A palavra humanismo também
pode ser entendida sob diversas formas. Não cabe aqui uma discussão conceitual
e nem abordar todas as suas formas de manifestação, basta expor as duas formas
básicas de humanismo existente. Uma é o humanismo romântico, ou “abstrato”,
que, tal como Rousseau (1989), considera que o ser humano é “bom por natureza”

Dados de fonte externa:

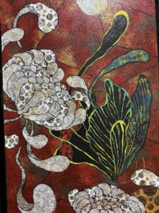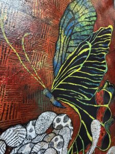 そこに踊る喜びの菊と縁起の良いアゲハ蝶。大きな色に守られて、安心して咲き誇り、舞っています。

e atribui tal qualidade a todos os seres humanos indistintamente, partindo
desse princípio. O ser humano aqui é um valor fundamental e isso é positivo,
embora problemático. Para entender o seu caráter problemático é preciso avançar
até o humanismo radical, que é um humanismo concreto.
Em oposição ao abstrato
(no sentido metafísico do termo), o concreto é “resultado de suas múltiplas
determinações” (MARX, 1983a). Nessa concepção, o ser humano não é bom nem mau
por natureza. O que caracteriza a essência humana é o trabalho e a
sociabilidade, tal como Marx já apontava (MARX, 1983b; MARX, 1988; MARX e ENGELS,
1991). O ser humano é ativo. Ele, ao contrário dos demais animais, age sobre o
mundo, transforma a natureza e humaniza ela e a si mesmo. Ele faz isso em associação,
ou cooperação, com outros seres humanos, sendo também um ser social. Desta forma, o trabalho teleológico
consciente, a práxis, e a associação
com outros seres humanos, são necessidades humanas, são parte de sua essência.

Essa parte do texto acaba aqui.